**PROBLEM DESCRIPTION**
Copy all entries verbatim and keep any pictures out of the copy.

··········

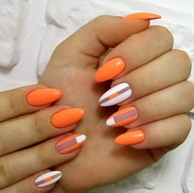 Здесь актуально будет добавить незамысловатые узоры. Они придадут оранжевому маникюру стильный и уникальный вид. Также можно поэкспериментировать с полосками, горошком, градиентом или френчем.
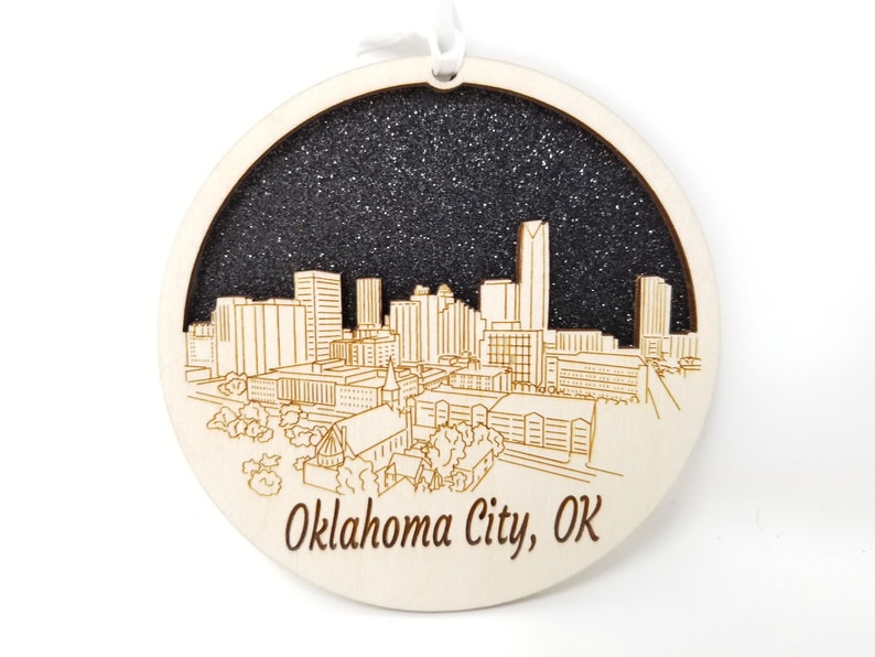 Introducing the stunning Oklahoma City Skyline Ornament, a beautifully crafted piece that captures the essence of your beloved city. Made from premium Baltic birch wood, this ornament is not only a decorative item but also a symbol of your love for Oklahoma City. Its intricate design showcases the iconic skyline, making it a perfect addition to your holiday decor or a thoughtful gift for friends and family who share your passion for this vibrant city.
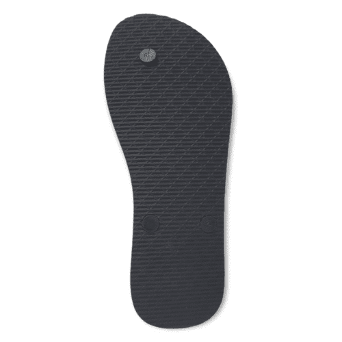 Suela de goma EVA y tira de PVC negra.
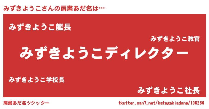 | ヘコむあだ名 | 『みずもー』『みずっぺ』『酢こんぶ』 |
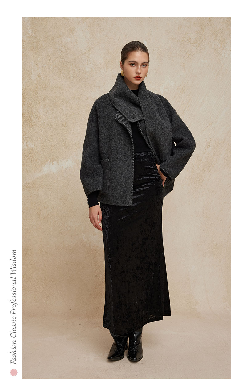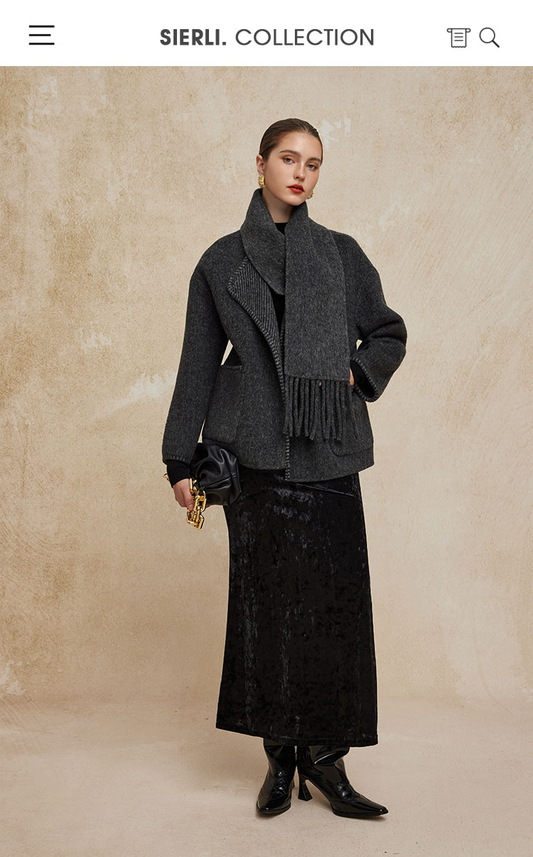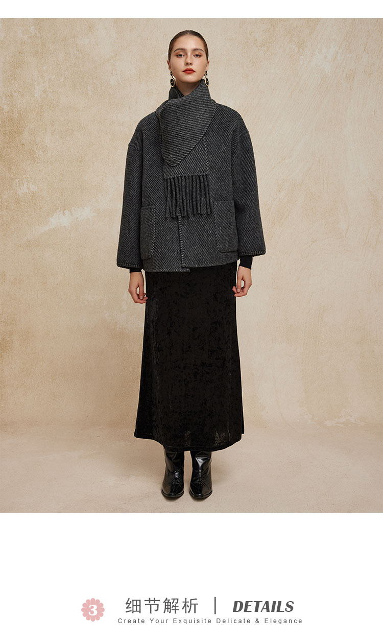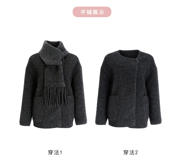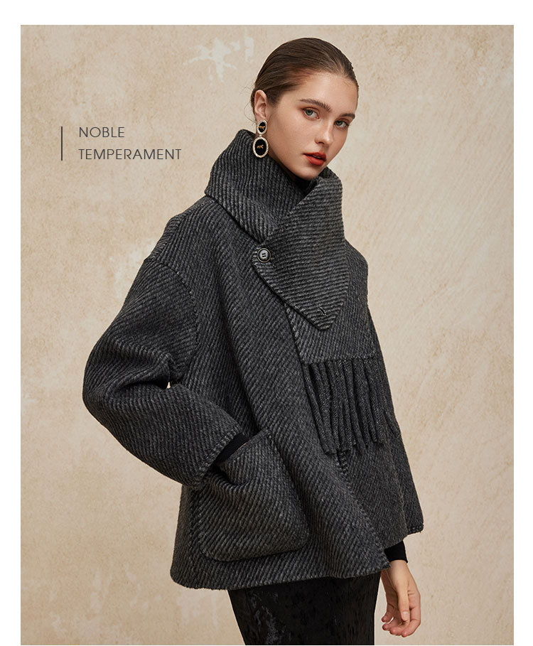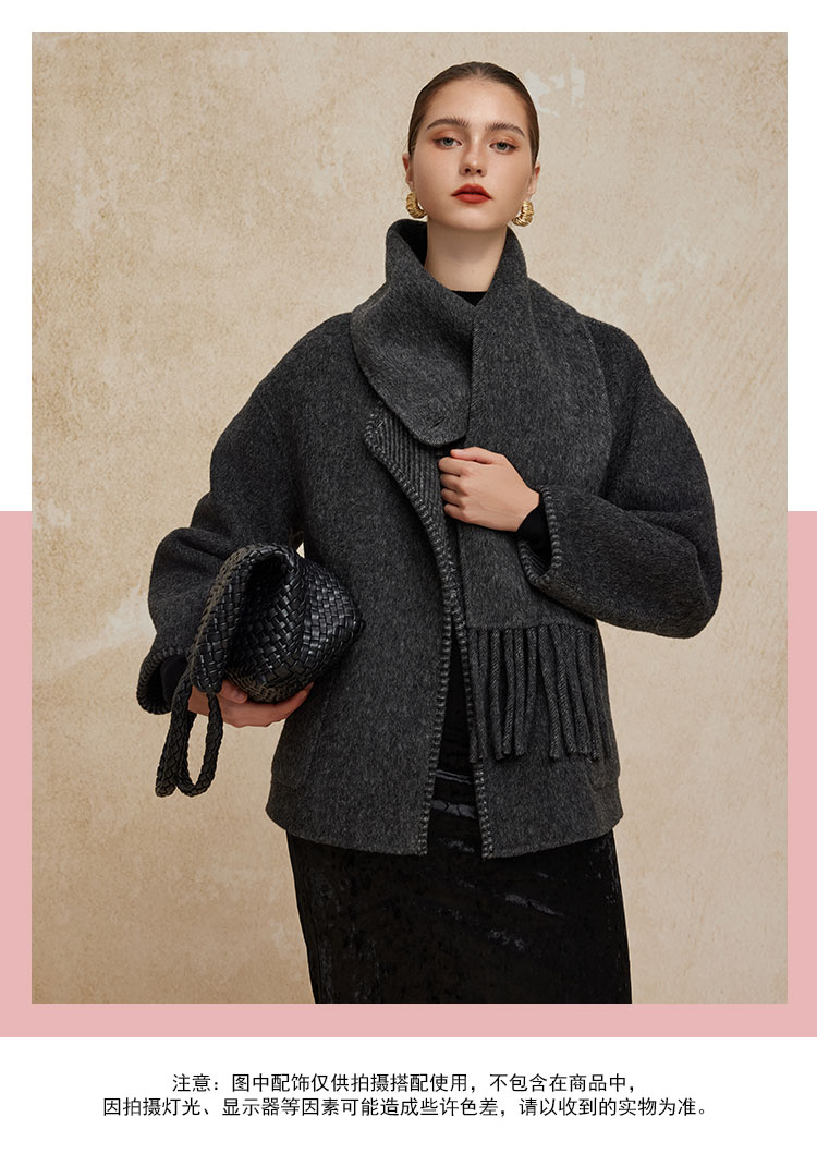 PH934斯尔丽24新款配流苏围巾时尚INS博主主推双面穿羊毛大衣

··········

**TASK ANSWER**
 Здесь актуально будет добавить незамысловатые узоры. Они придадут оранжевому маникюру стильный и уникальный вид. Также можно поэкспериментировать с полосками, горошком, градиентом или френчем.
 Introducing the stunning Oklahoma City Skyline Ornament, a beautifully crafted piece that captures the essence of your beloved city. Made from premium Baltic birch wood, this ornament is not only a decorative item but also a symbol of your love for Oklahoma City. Its intricate design showcases the iconic skyline, making it a perfect addition to your holiday decor or a thoughtful gift for friends and family who share your passion for this vibrant city.
 Suela de goma EVA y tira de PVC negra.
 | ヘコむあだ名 | 『みずもー』『みずっぺ』『酢こんぶ』 |
 PH934斯尔丽24新款配流苏围巾时尚INS博主主推双面穿羊毛大衣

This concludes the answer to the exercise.